The Robert Moses Niagara dam in New York is rated at \(2,429 \mathrm{MW}^{41}\) and has a high capacity factor of \(0.633 .\) How many \(\mathrm{kWh}\) does it produce in an average day, and how many homes would this serve at the national average of \(30 \mathrm{kWh} /\) day?

While the Chief Joseph Dam on the Columbia River can generate as much as \(2.62 \mathrm{GW}\left(2.62 \times 10^{9} \mathrm{~W}\right)\) of power at full flow, the river does not always run at full flow. The average annual production is 10.7 TWh per year \(\left(10.7 \times 10^{12} \mathrm{Wh} / \mathrm{yr}\right)\). What is the capacity factor of the dam: the amount delivered vs. the amount if running at \(100 \%\) capacity the whole year?

A dam 50 meters high is constructed on a river and is delivering \(180 \mathrm{MW}\) at some moment in time. What is the flow rate of water, in cubic meters per second, if the facility converts gravitational potential energy into electricity at \(90 \%\) efficiency?

A \(10 \mathrm{~kg}\) box is lifted \(2 \mathrm{~m}\) off the floor and placed on a frictionless horizontal conveyor to take it \(30 \mathrm{~m}\) across a warehouse. At the end of the conveyor, it is lowered \(1 \mathrm{~m}\) where it ends up on a shelf.
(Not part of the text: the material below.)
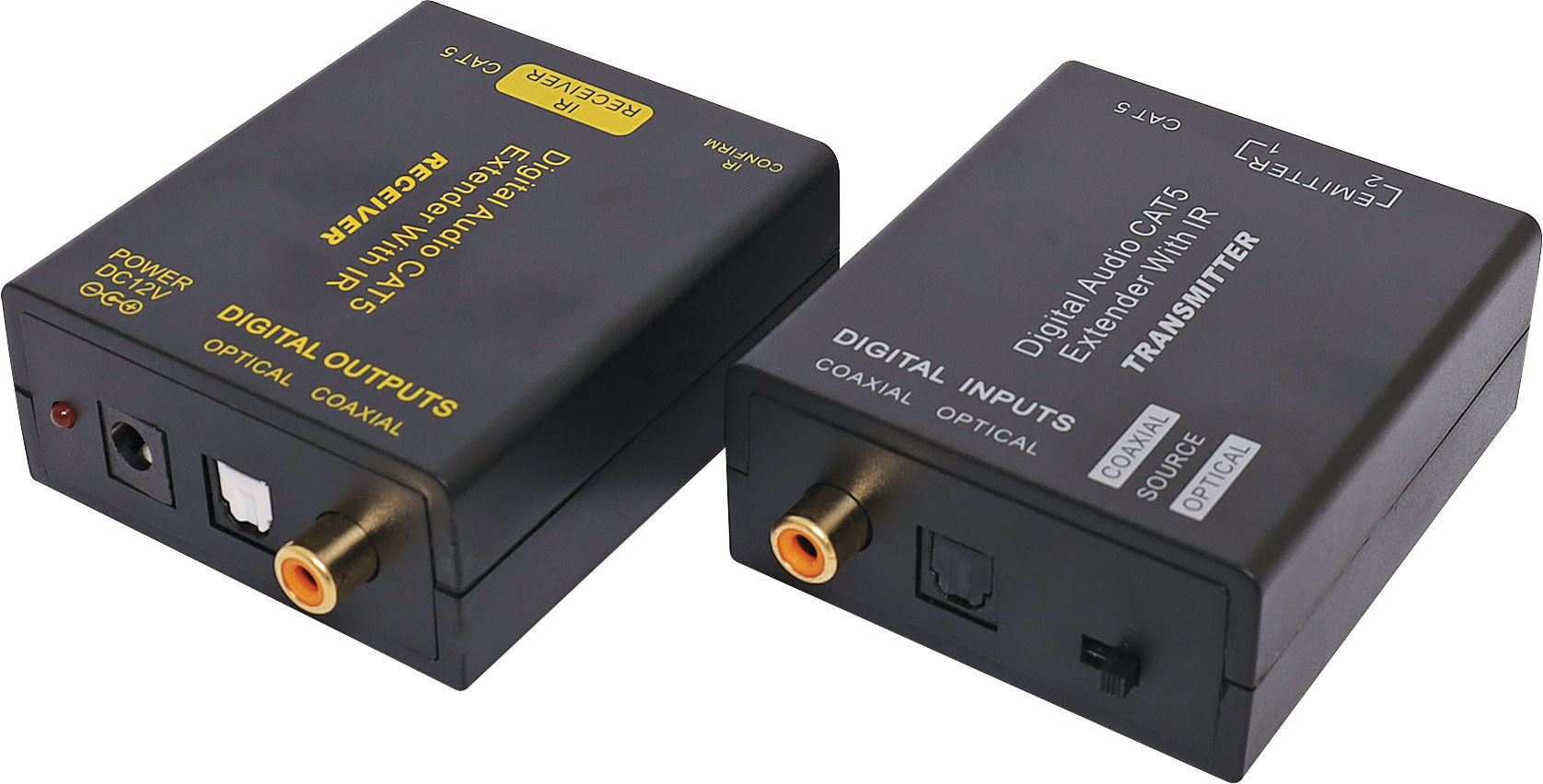 This Digital Audio Cat5 Extender Box allows digital signals to be transmitted using a single Cat5e or Cat6 cable. It also supports multichannel audio. Simply select one input from Coaxial or Toslink input ports, and send S/PDIF audio signal to both Coaxial and Toslink output ports simultaneously.

How much net gravitational potential energy was given to the box from the start to the end of the process?

If an \(80 \mathrm{~kg}\) person is capable of delivering external mechanical energy at a rate of \(200 \mathrm{~W}\) sustained over several minutes, \({ }^{34}\) how high would they be able to climb in two minutes?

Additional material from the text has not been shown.